Die Nachrichtenlage zum Klimawandel ist bedrückend. Können Sie dem etwas Positives entgegensetzen?

Um mit dem französischen Umweltschützer und Journalisten Yann Arthus-Bertrand zu sprechen: ‚Es ist zu spät, um pessimistisch zu sein‘. Zudem gibt die Anpassungsfähigkeit von Organismen durchaus Anlass zur Hoffnung.
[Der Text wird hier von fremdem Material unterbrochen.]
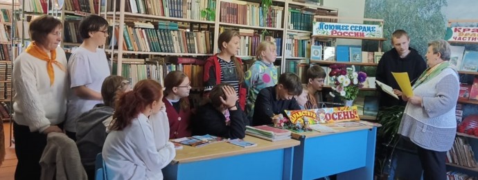 Заведующая Голунской сельской библиотекой Г.Н. Лихарева провела для обучающихся МБОУ Голунская СОШ час поэзии «Поющее сердце России».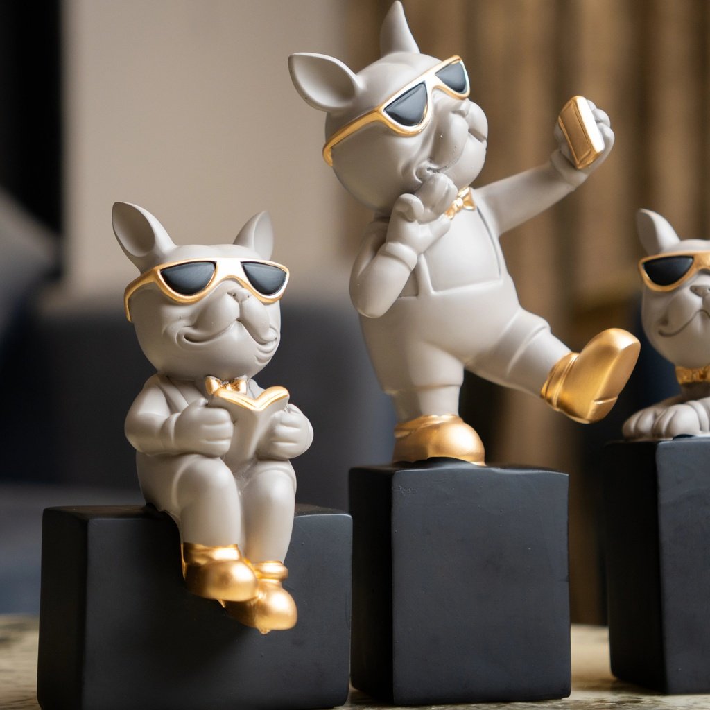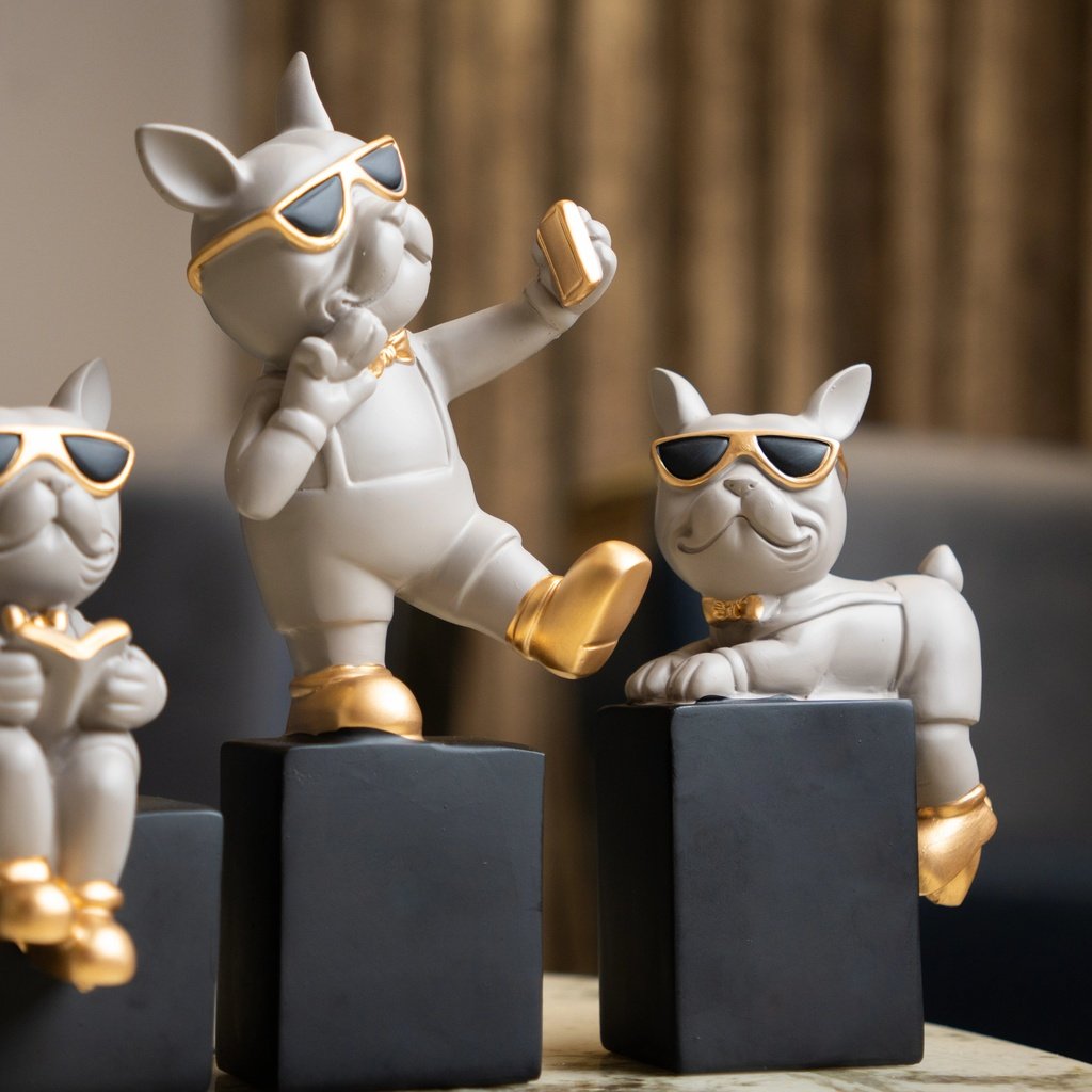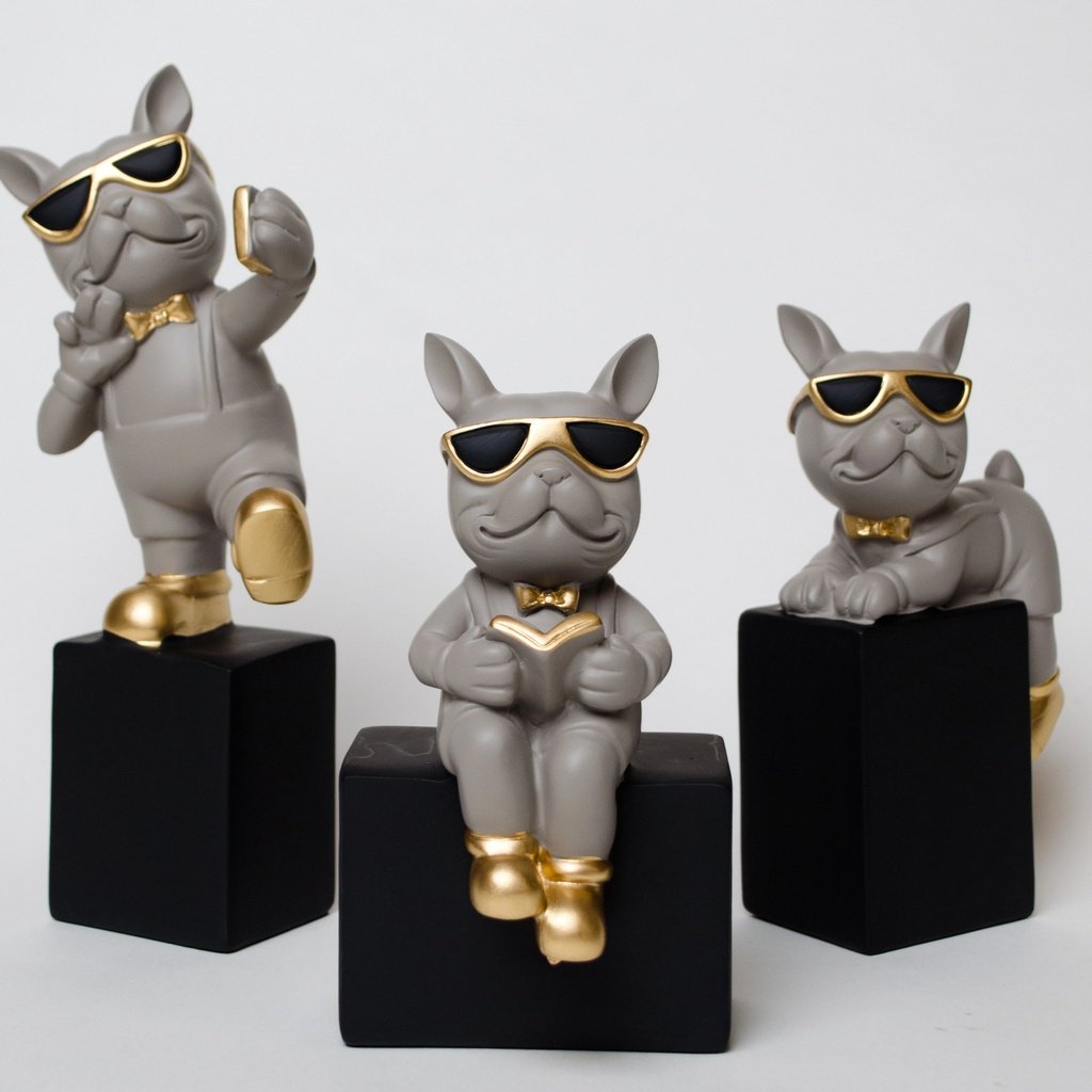Crafted from high-quality resin, these figurines boast smooth contours and clean detailing. The sleek soft grey finish is perfectly complemented by metallic gold accents on sunglasses, bow ties, and shoes. This combination not only adds a touch of luxury but also ensures the set fits seamlessly into a variety of decor styles.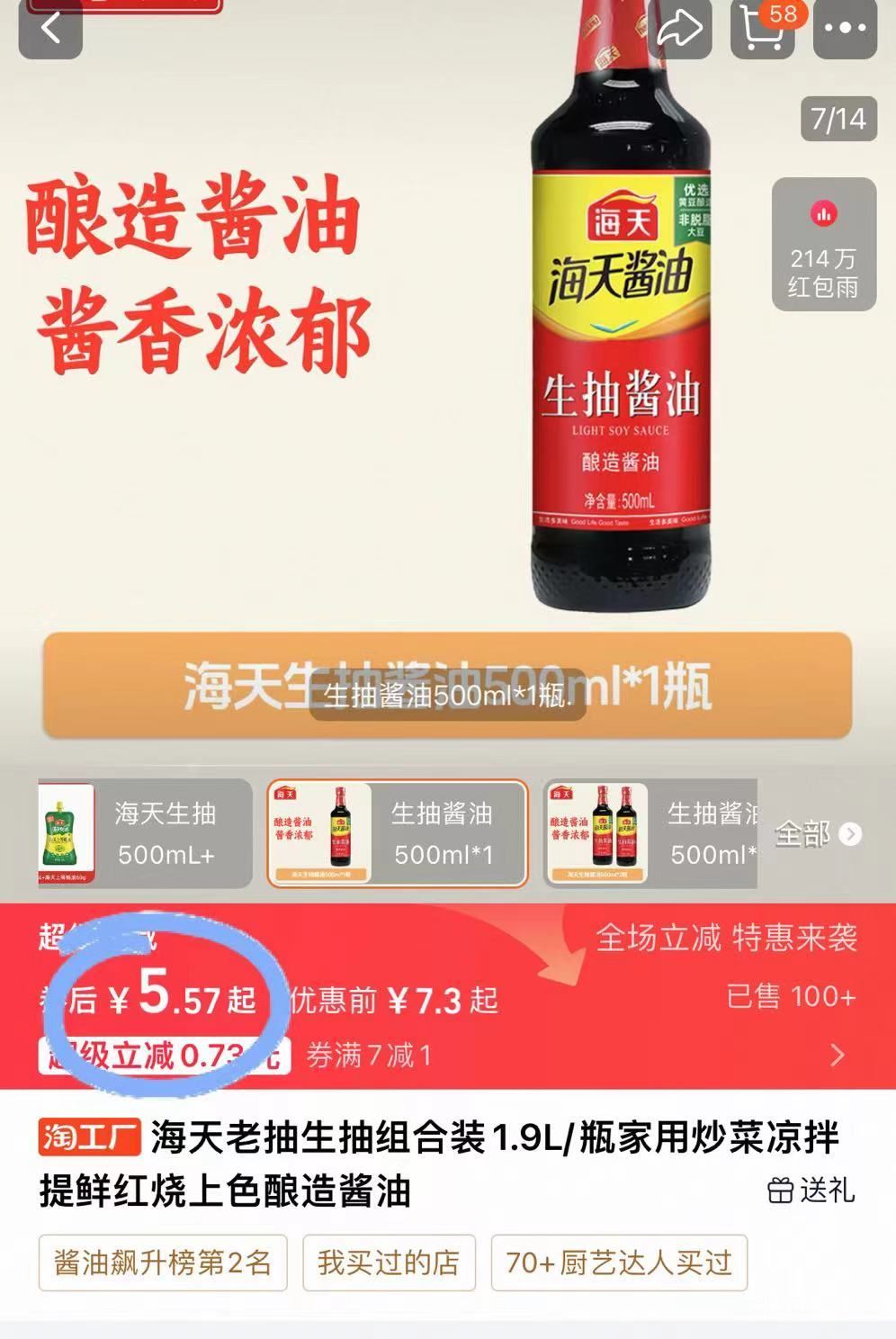 海天老抽生抽500ml 5.5元发报员Z2026年04月22日 13:280举报 5.5元,个位数抢【海天】老抽生抽500ml厨房必备调料 一定要抢啊https://m.tb.cn/h.irzanWy复制文案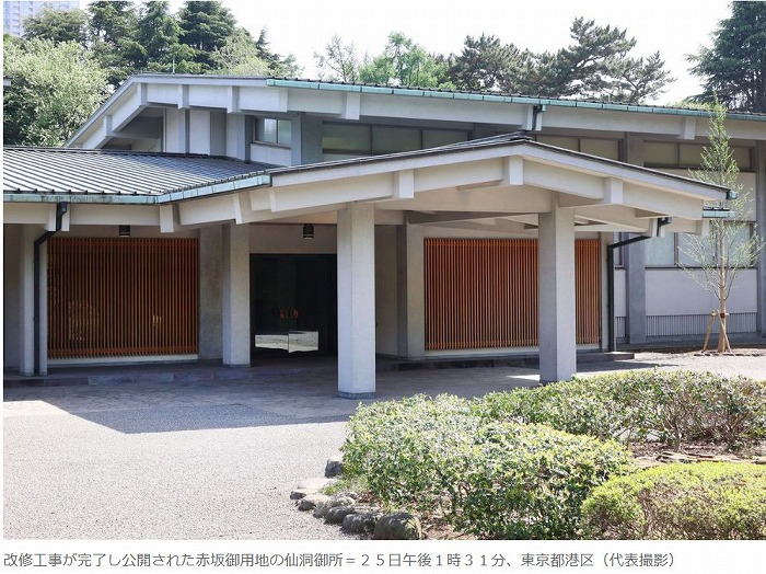 宮内庁は25日、上皇ご夫妻の新たなお住まいとなる旧赤坂御所(東京都港区)の内部を公開した。ご夫妻は26日に入居される予定で、名称は同日、「仙洞(せんとう)御所」と改められる。建物は「私室部分」「事務部分」など3種類に区分され、公開されたのは、来客対応などを行う「公室部分」。昨年9月に天皇ご一家が皇居内の御所に転居されて以降、天井のクロスや壁紙のはり替えが行われ、来客用のトイレもオストメイト(人工肛門、人工ぼうこう利用者)対応とした。非公開の私室部分も、エレベーターを設置するなどバリアフリー化。事務部分の改修工事はご夫妻のご入居後も続き、完成は6月ごろとなる見通し。記事・画像出典 産経新聞 https://www.sankei.com/article/20220425-VHCMFOPPZBIBPPZYFE2EW2BVUE/

Es gibt viele Beispiele von schneller Anpassung durch Verhaltensflexibilität bei Tieren: Störche, die in Deutschland fast ausgestorben waren und durch eine Verhaltensumstellung auf andere Futterquellen ein tolles Comeback hingelegt haben; Eisbären, die gelernt haben, im Sommer Fische zu jagen, anstatt bei fehlender Eisdecke zu hungern; Hamster, die mitten in der Großstadt Wien leben. Wir müssen besser verstehen, welche Individuen am besten in der Lage sind, sich anzupassen – aber natürlich auch, wo die Grenzen der Anpassungsfähigkeit liegen. Die große Sorge ist, dass die Geschwindigkeit des Klimawandels aber auch andere anthropogen verursachten Veränderungen das Anpassungspotenzial der Organismen überfordern.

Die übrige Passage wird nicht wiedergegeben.